使用 Transformers 進行推理

import math
import numpy as np
import torch
import torchvision.transforms as T
from decord import VideoReader, cpu
from PIL import Image
from torchvision.transforms.functional import InterpolationMode
from transformers import AutoModel, AutoTokenizer

IMAGENET_MEAN = (0.485, 0.456, 0.406)
IMAGENET_STD = (0.229, 0.224, 0.225)

def build_transform(input_size):
    MEAN, STD = IMAGENET_MEAN, IMAGENET_STD
    transform = T.Compose([
        T.Lambda(lambda img: img.convert('RGB') if img.mode != 'RGB' else img),
        T.Resize((input_size, input_size), interpolation=InterpolationMode.BICUBIC),
        T.ToTensor(),
        T.Normalize(mean=MEAN, std=STD)
    ])
    return transform

def find_closest_aspect_ratio(aspect_ratio, target_ratios, width, height, image_size):
    best_ratio_diff = float('inf')
    best_ratio = (1, 1)
    area = width * height
    for ratio in target_ratios:
        target_aspect_ratio = ratio[0] / ratio[1]
        ratio_diff = abs(aspect_ratio - target_aspect_ratio)
        if ratio_diff < best_ratio_diff:
            best_ratio_diff = ratio_diff
            best_ratio = ratio
        elif ratio_diff == best_ratio_diff:
            if area > 0.5 * image_size * image_size * ratio[0] * ratio[1]:
                best_ratio = ratio
    return best_ratio

def dynamic_preprocess(image, min_num=1, max_num=12, image_size=448, use_thumbnail=False):
    orig_width, orig_height = image.size
    aspect_ratio = orig_width / orig_height

    # calculate the existing image aspect ratio
    target_ratios = set(
        (i, j) for n in range(min_num, max_num + 1) for i in range(1, n + 1) for j in range(1, n + 1) if
        i * j <= max_num and i * j >= min_num)
    target_ratios = sorted(target_ratios, key=lambda x: x[0] * x[1])

    # find the closest aspect ratio to the target
    target_aspect_ratio = find_closest_aspect_ratio(
        aspect_ratio, target_ratios, orig_width, orig_height, image_size)

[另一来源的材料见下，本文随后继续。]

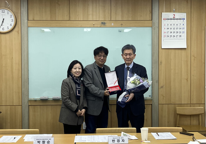 또한 같은 날 장학운영위원회 회의에서는 장학회 초기 설립시기부터 현재까지 장학사업에 헌신해 오신 김웅선 명예회장님께 감사패를 전달하는 시간을 가졌다.
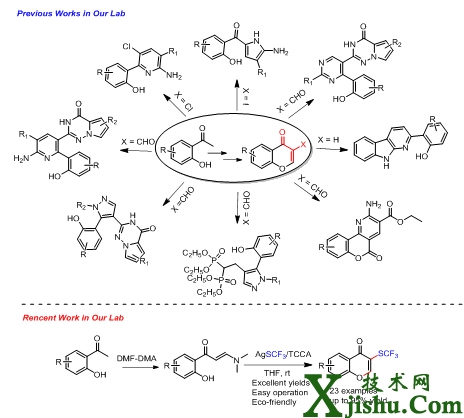 中國科學院上海藥物研究所楊春皓研究組在進行新型抗腫瘤藥物研發(fā)的同時,還積極致力于以生物活性為導向的雜環(huán)合成方法學研究,為研究組的新藥發(fā)現(xiàn)奠定化學基礎(chǔ)。研究組利用一些人們熟知的、簡單易得的有機小分子(如苯乙腈類,鄰羥基苯乙酮類——an old dog)為起始原料,發(fā)展新的方法(New tricks)用以快速構(gòu)建結(jié)構(gòu)多樣的具有類藥性的雜環(huán)化合物。
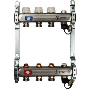 Блок коллекторный с ручными регулировочными клапанами 1'x3 выходов 3/4' НР евроконус с воздухоотводч
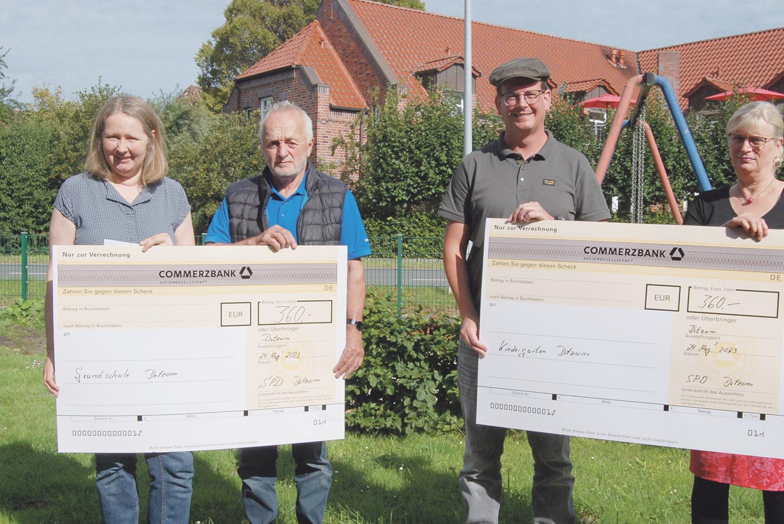 Torsten Dinkela als Vorsitzender des SPD-Ortsvereins Ditzum und Ortsvorsteher Konrad Kruse haben am Donnerstag insgesamt 720 Euro als Spende an den Förderverein der Grundschule Ditzum und an den Kindergarten Ditzum übergeben. Dieses Geld, die Summe wurde zwischen Förderverein und ...
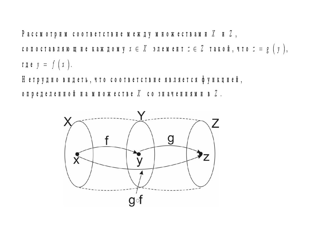 Р ассм отрим соответствие м еж ду м нож ествам и X и Z ,с о п о с т а в л я ю щ и е к а ж д о м у x X эл е м е н т z Z т а к о й , ч т о z g y ,
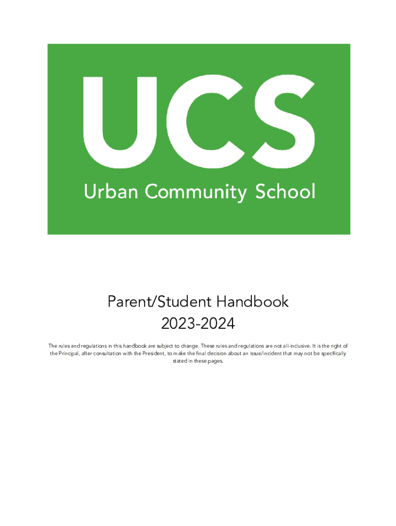 Parent/Student Handbook 20232024 The rules and regulations in this handbook are subject to change. These rules and regulations are not all inclusive. It is the right of the Principal, after consultation

    # calculate the target width and height
    target_width = image_size * target_aspect_ratio[0]
    target_height = image_size * target_aspect_ratio[1]
    blocks = target_aspect_ratio[0] * target_aspect_ratio[1]

    # resize the image
    resized_img = image.resize((target_width, target_height))
    processed_images = []
    for i in range(blocks):
        box = (
            (i % (target_width // image_size)) * image_size,
            (i // (target_width // image_size)) * image_size,
            ((i % (target_width // image_size)) + 1) * image_size,
            ((i // (target_width // image_size)) + 1) * image_size
        )
        # split the image
        split_img = resized_img.crop(box)
        processed_images.append(split_img)
    assert len(processed_images) == blocks
    if use_thumbnail and len(processed_images) != 1:
        thumbnail_img = image.resize((image_size, image_size))
        processed_images.append(thumbnail_img)
    return processed_images

def load_image(image_file, input_size=448, max_num=12):
    image = Image.open(image_file).convert('RGB')
    transform = build_transform(input_size=input_size)
    images = dynamic_preprocess(image, image_size=input_size, use_thumbnail=True, max_num=max_num)
    pixel_values = [transform(image) for image in images]
    pixel_values = torch.stack(pixel_values)
    return pixel_values

def split_model(model_name):
    device_map = {}
    world_size = torch.cuda.device_count()
    config = AutoConfig.from_pretrained(model_path, trust_remote_code=True)
    num_layers = config.llm_config.num_hidden_layers
    # Since the first GPU will be used for ViT, treat it as half a GPU.
    num_layers_per_gpu = math.ceil(num_layers / (world_size - 0.5))
    num_layers_per_gpu = [num_layers_per_gpu] * world_size
    num_layers_per_gpu[0] = math.ceil(num_layers_per_gpu[0] * 0.5)
    layer_cnt = 0
    for i, num_layer in enumerate(num_layers_per_gpu):
        for j in range(num_layer):
            device_map[f'language_model.model.layers.{layer_cnt}'] = i
            layer_cnt += 1
    device_map['vision_model'] = 0
    device_map['mlp1'] = 0
    device_map['language_model.model.tok_embeddings'] = 0
    device_map['language_model.model.embed_tokens'] = 0
    device_map['language_model.output'] = 0
    device_map['language_model.model.norm'] = 0
    device_map['language_model.model.rotary_emb'] = 0
    device_map['language_model.lm_head'] = 0
    device_map[f'language_model.model.layers.{num_layers - 1}'] = 0

    return device_map

# If you set `load_in_8bit=True`, you will need two 80GB GPUs.
# If you set `load_in_8bit=False`, you will need at least three 80GB GPUs.
path = 'OpenGVLab/InternVL3-8B'
device_map = split_model('InternVL3-8B')
model = AutoModel.from_pretrained(
    path,
    torch_dtype=torch.bfloat16,
    load_in_8bit=False,
    low_cpu_mem_usage=True,
    use_flash_attn=True,
    trust_remote_code=True,
    device_map=device_map).eval()
tokenizer = AutoTokenizer.from_pretrained(path, trust_remote_code=True, use_fast=False)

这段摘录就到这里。